When I decided to do some WW1 figures and dioramas for next years centenary one thing I was keen to do was produce a few models that were relevant but (hopefully) different.  When ever I see models for this era they are almost always trench scenes with or without tanks.  Don’t get me wrong there is absolutely nothing wrong with that, in fact it’s highly relevant but too my mind there are many other images to be portrayed and I guess that’s where I come in.  That said, and before for I dig a hole for myself, I will (and have) do some models which will conform with convention (but no tanks, I don’t do tanks!).

So first up is my 28mm diorama which I have chosen to call “Gone but not Forgotten”.  Appropriate as today is Rememberance Day.  In modelling there is a side to war which can some times be forgotten – death!  I don’t know how many dead soldiers were brought home but as far as I can establish most, for a variety of reasons (body identification being but one), were buried where they fell.  Having said that a great many soldiers who enlisted early were repatriated having been seriously wounded and unable to fight on.  Sadly a return home did not guarantee survival and many soldiers died of their injuries before and after the 1918 armistice.  It’s this scenario on which the diorama is based.

The figures are all stock figures and were purchased from a couple of suppliers, Footsore Miniatures and North Star Military Figures, all excellent castings.  I’m not sure how accurate the clothing for the civilian figures actually is for the era but on balance I’m not sure it really matters, not to me at any rate.  The scene is a simple one.  In addition to the grave we have the gravedigger in the background, the vicar/priest, the dead soldiers mother/wife and his soldier brother.

Ground work was straight forward but looked a little flat so I built another tree to provide some height and a little more interest.  The finishing touch was a small wreath made of twisted wire with Noch leaves added.





15 thoughts on “TIM’s Memory Monday (No: 25)
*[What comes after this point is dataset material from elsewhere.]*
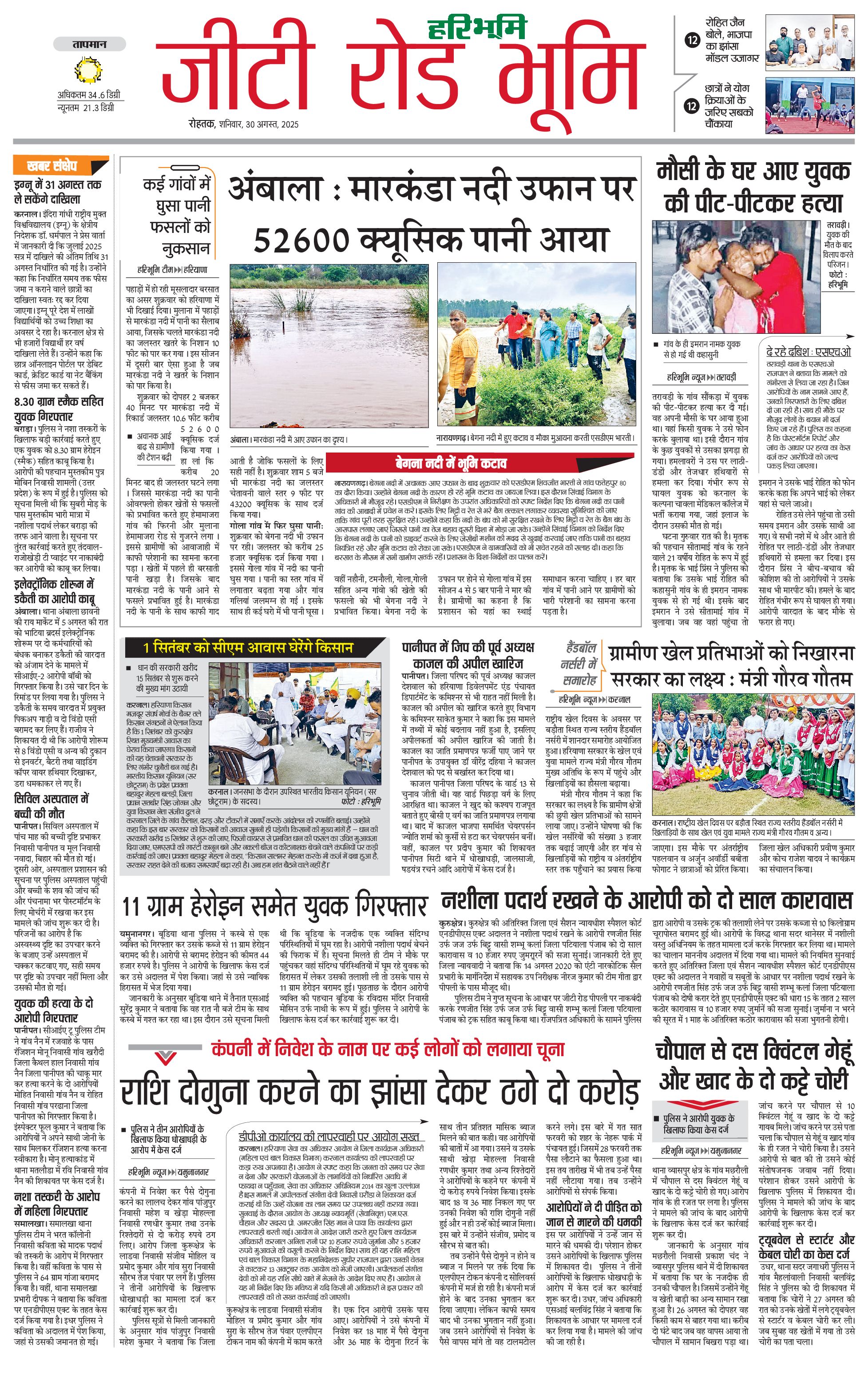 कुरुक्षेत्र - 30 Aug 2025 - - Page 1
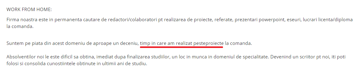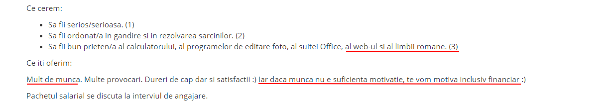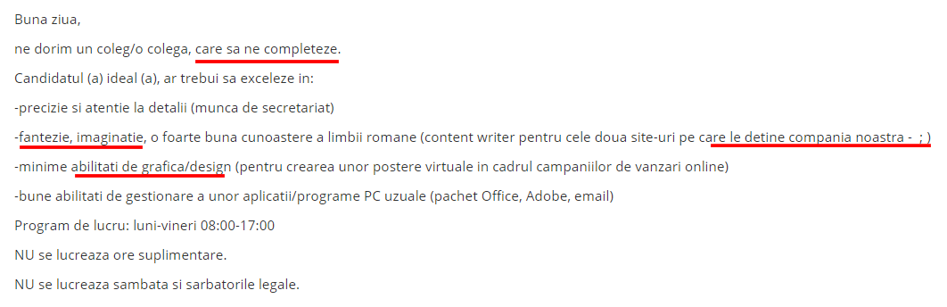 Sincer, nu vreau să mă pronunț în privința altor domenii – cititorii avizi ai acestui blog (toți cei 1, vă văd și vă apreciez) știu că anunțurile pe care le selectez vizează în genere domeniul publicitar și cele conexe acestuia - marketing, content writing și copywriting etc. Dar tocmai pentru că arunc multe priviri peste acest gen de anunțuri de recrutare mă ia urticaria – paradoxal, fix domeniile de la care ai pretenții, cele strâns legate de mass media și comunicare sunt cele care comunică cel mai prost. Ele ne aduc dăcât floricele, cerințe inepte, dezacorduri pentru că limba română e pentru plebe etc.

  1. Its great to see this one again and I admire your diorama style with portraying slice of life themes instead of the typical ones we see focused on war and action. This is inspirational stuff as always!

    Liked by 1 person

    1. Thank you. As I delved more and more into this WW1 project which just seemed to grow, I wanted to have some models which were different. Nothing against trench scenes but it is typically what most people do and that wasn’t what I wanted.